Well took the new to me f-250 on a 600mi run this weekend down to S.E. Ohio. The truck is a disappointment to me I was climbing some hills in Ohio and this thing wont pull. I weighted the truck with the 4 of us in the truck mountain bikes, cooler, trailer loaded truck full of fuel Gross wt was 13940lbs Steer axle 4480lbs Drive axle 4040lbs trailer axles 5420lbs I had the trailer weighed last year and it was 5600lbs with only a couple of lawn chairs in it.

I have no reference of how big the hill was I am guessing the hill was about 1 mile long pretty good grade. I hit the bottom of the hill about 66mph by the top of the hill I was in 3rd gear 2700rpm 14 lbs of boost and I was wide open 62mph going over the top. I was hoping this thing would do better than that. Even small gradual hills this thing just labors. Lugging around like 55mph 1600rpm it will pull pretty good but once you get up to like 66-68mph around 2000 rpm this truck has no legs. The egts never got over 1100deg at any time. Trans temp is good. I even tried running a 40hp tow tune and it did not help all that much. I have a cold air intake on it with stock exhaust on it. Some people on powerstroke.org say the stock muffler is is really restrictive but I cant see it making that much difference.
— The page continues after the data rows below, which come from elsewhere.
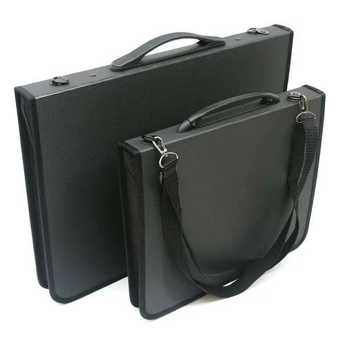 Gerstaecker Presentation Cases are elegant and practical. They are a briefcase design with an adjustable removable shoulder strap that is easily attached by way of carabiners.
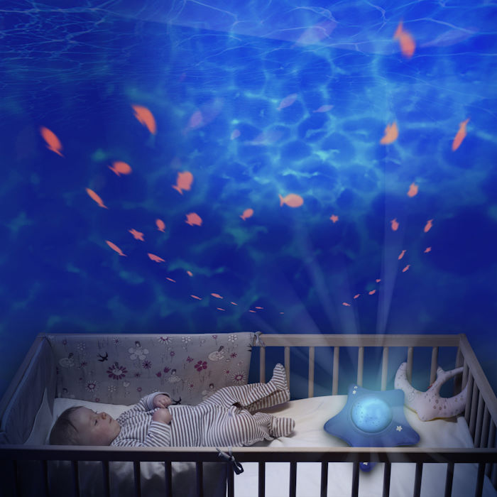 Les projections de Calm Ocean associent effets de vagues et poissons qui nagent, comme si on était sous l’eau. En plus, le projecteur diffuse également une douce ambiance musicale, créant ainsi une atmosphère incroyablement relaxante. Pour faciliter le sommeil, les projections et la musique évoluent en fonction de la phase d’endormissement et accompagnent l’enfant dans les bras de Morphée.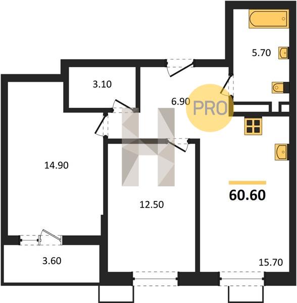 2-комн. 60.60 м²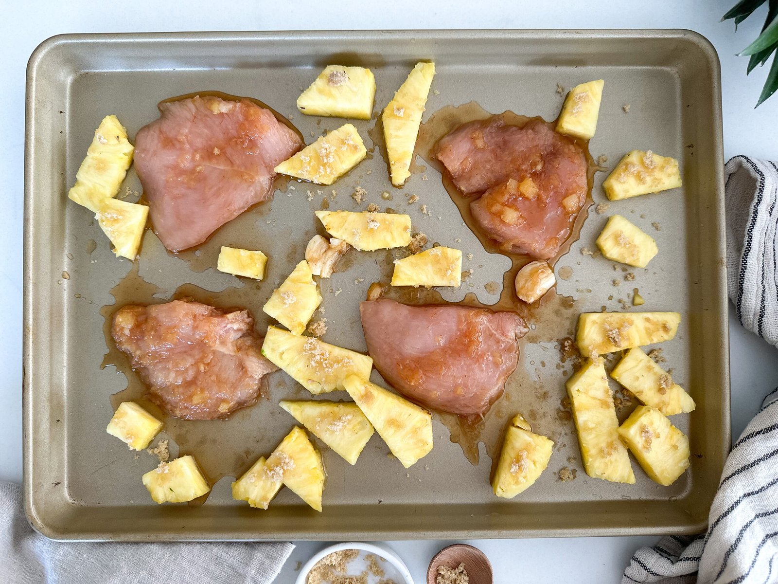 - On a sheet pan, add the marinaded chicken and pineapple chunks. Add a little brown sugar on the top of the pineapple. Bake for 10 minutes.

People always make comments about oh with that truck you wont even know its back there towing. Well all I can say its back there and it feels like a parachute.


----------



## Collinsfam_WY

The 7.3 was built before the hp/tq wars started heating up. In your truck, I think the power ratings are 250hp and 525tq (later versions made 275hp/550tq). I would venture to guess from dyno graphs that my V10 makes that much torque (it makes over 100hp more) with the tuner (91 oct. tune), cai and muffler replacement. You could have some diesel guys give you some suggestions in case the motor isn't making the power it should but from what you are saying, it sounds pretty good. If you want a mountain of power such that it literally feels like nothing is back there, you are probably going to have to get a Ford 6.7l Scorpion or the latest incarnation of the Duramax. Could some folks have exaggerated the 7.3's power to you or maybe that is how it felt to them compared to a previous motor they had? My V10 makes plenty of power for us and we do hope to upgrade to a light 5'er (8-9.5k lbs range) at some point. I am sure the oil burner crowd will chime in with some good suggestions







Good luck with the 7.3!

-CC


----------



## GO WEST

I am reading this post, because I had been considering a 97 F250 with 7.3L and I believe that motor makes only 235 hp. Yes I understand it is very durable, but that's almost 100 hp less than the current diesels. I am thinking that sailing up mountains at 70 mph is not going to be something this truck can do. Still, comparing to a half ton it has a stronger frame, higher payload, stronger brakes, etc so I don't think you made a bad decision in your upgrade. Does one really need to be towing a camper 26 feet long over about 60-65 mph anyway, I mean, it gets more unsafe the faster you drive, and what's the rush?


----------



## Tangooutback

7.3L in F250 rating is 235 hp and 500 ft-lbs torque for 1999-2002 models.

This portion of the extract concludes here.